»»

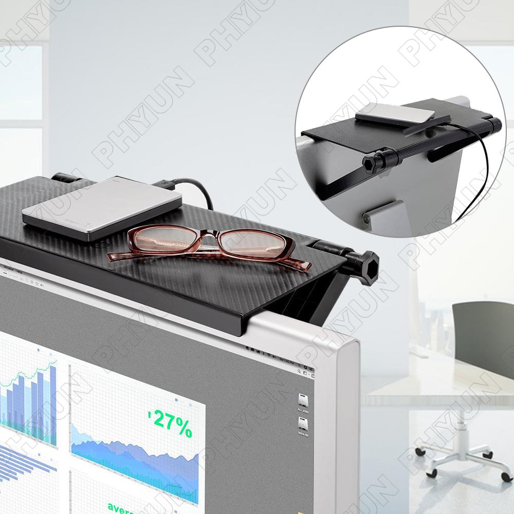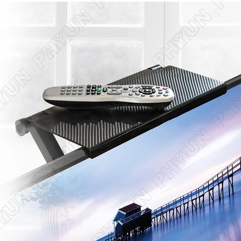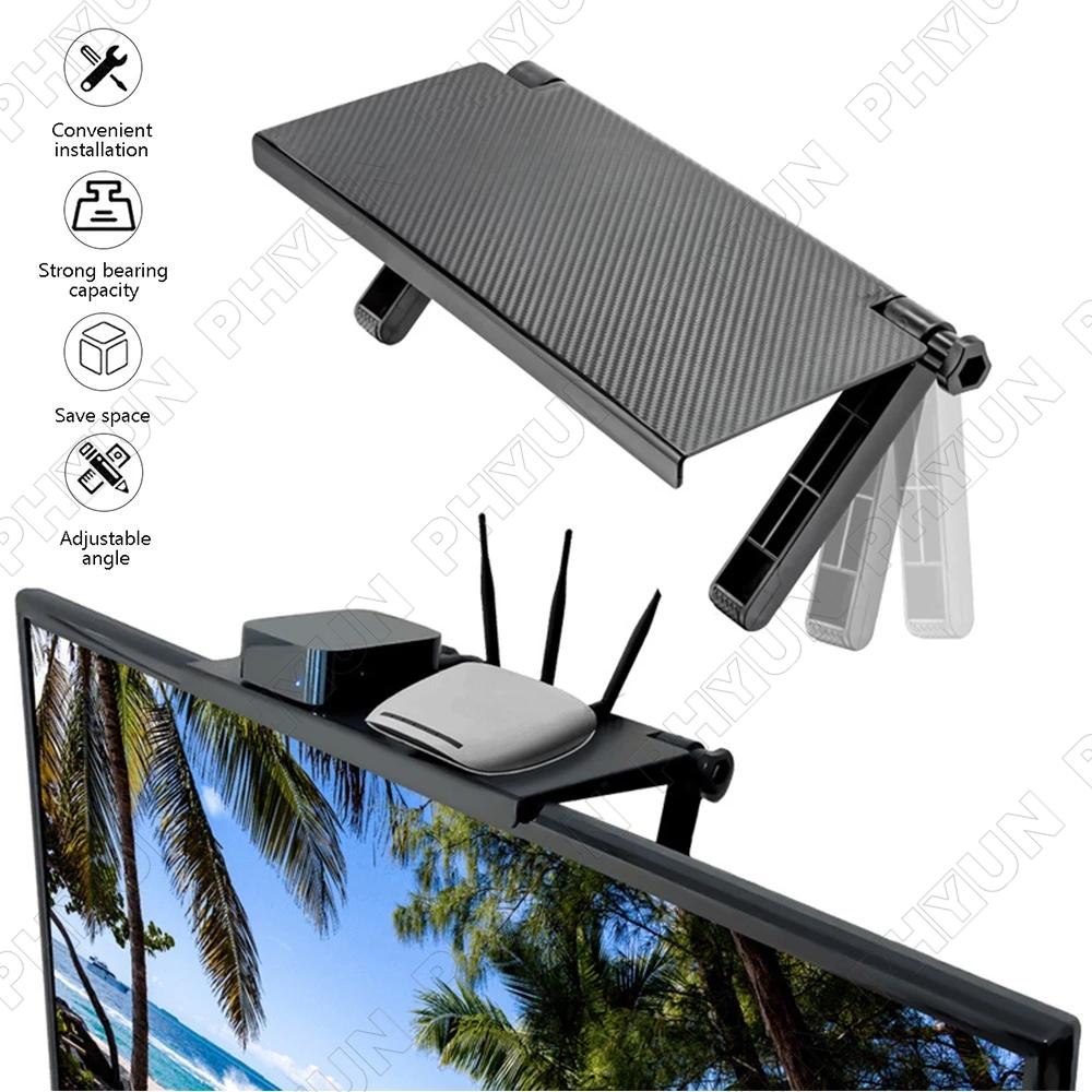 1x Black Adjustable TV Screen Top Storage Shelf Organizer Bracket 33x 16x 2.5cm
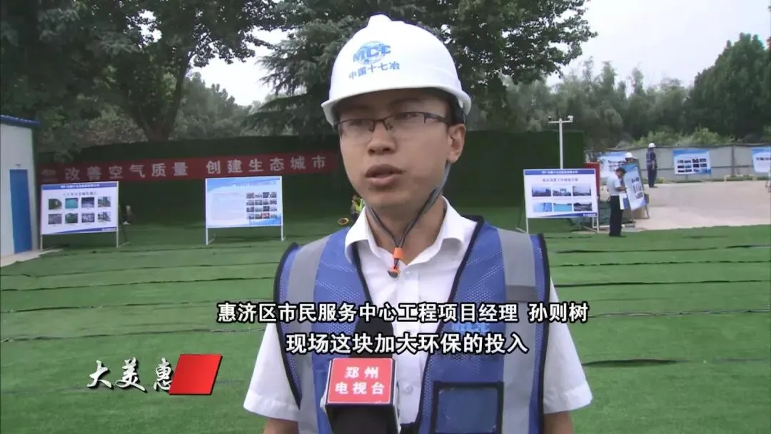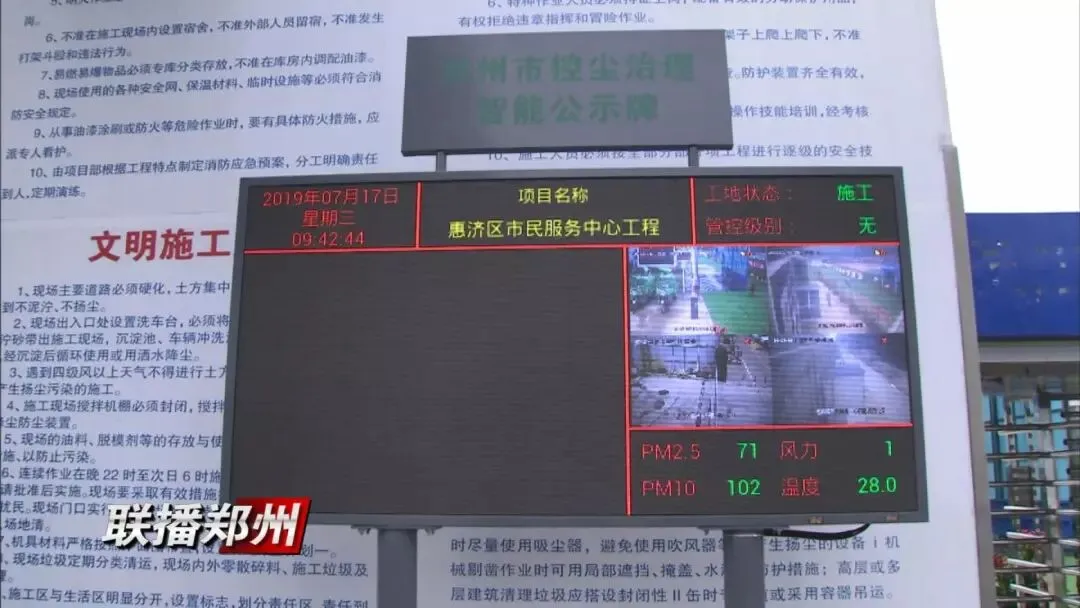 惠济区市民服务中心工程项目,严格按照八个百分百施工要求,现场安装有污染物实时监控屏、封闭式车辆冲洗台。配置大型雾炮机、塔吊喷淋及围挡喷淋系统,极大的降低扬尘污染。
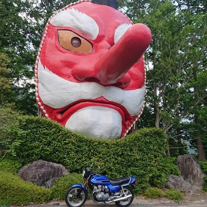 そんな感じで慣れた春野町へのワインディングを軽快に心地良く走っているとあっという間に目的地である日本一の大きさの大天狗さんの元に到着。
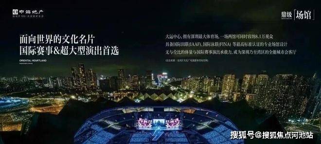 大运中心拥有深圳最大体育场,一场两馆可同时容纳约8.1万观众,具备国际田联(IAAF)、国际泳联(FINA)等最高标准认证的专业场馆设计,是国际赛事与超大型演出的首选。项目头排对望大运中心,,近享家门口的世界盛会。(信息来源:龙岗区文化广电旅游体育局官网)
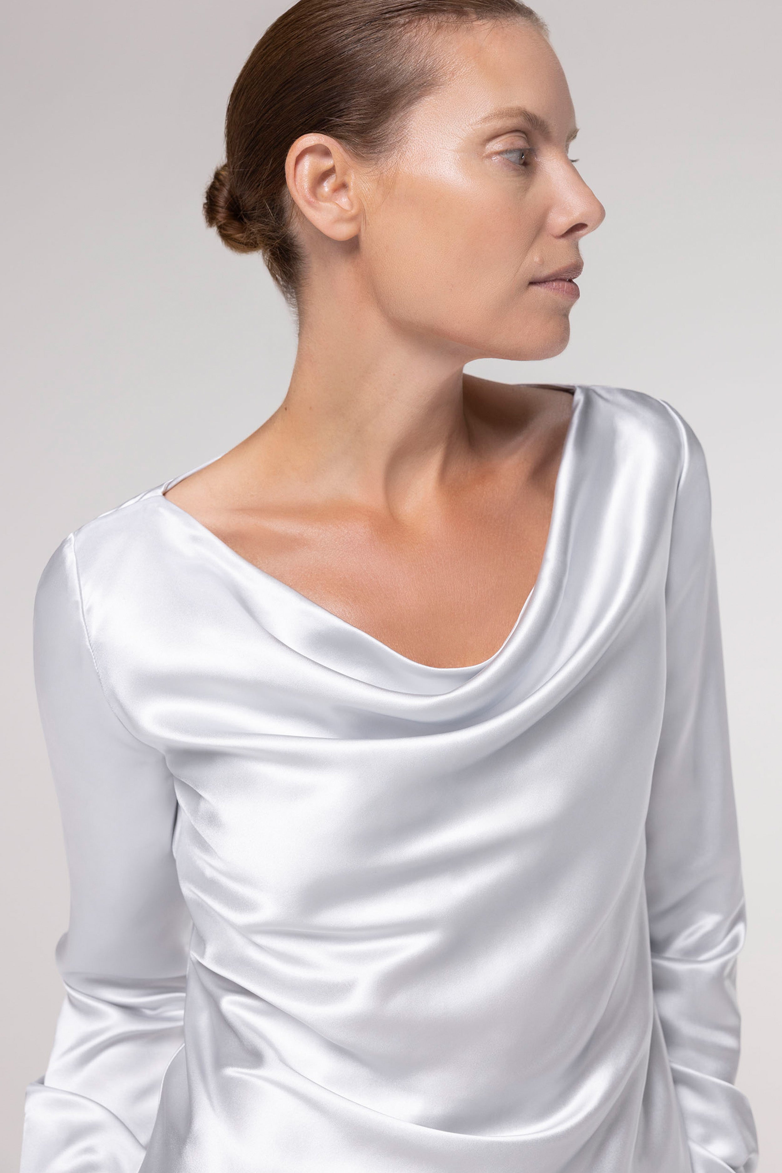 Our Salon Drape-Neck Top is a versatile essential, perfect for any occasion. It is available in two fabrics: the fluid, light-reflecting elegance ofSilk Satin, and the more structured, matte refinement of Cady Silk.

««

[What is required]
From the line containing "惠济区市民服务中心工程项目,严格按照八个" through the last line of the entries, copy each line exactly and only those, skipping all pictures.

[Result of the exercise]
 惠济区市民服务中心工程项目,严格按照八个百分百施工要求,现场安装有污染物实时监控屏、封闭式车辆冲洗台。配置大型雾炮机、塔吊喷淋及围挡喷淋系统,极大的降低扬尘污染。
 そんな感じで慣れた春野町へのワインディングを軽快に心地良く走っているとあっという間に目的地である日本一の大きさの大天狗さんの元に到着。
 大运中心拥有深圳最大体育场,一场两馆可同时容纳约8.1万观众,具备国际田联(IAAF)、国际泳联(FINA)等最高标准认证的专业场馆设计,是国际赛事与超大型演出的首选。项目头排对望大运中心,,近享家门口的世界盛会。(信息来源:龙岗区文化广电旅游体育局官网)
 Our Salon Drape-Neck Top is a versatile essential, perfect for any occasion. It is available in two fabrics: the fluid, light-reflecting elegance ofSilk Satin, and the more structured, matte refinement of Cady Silk.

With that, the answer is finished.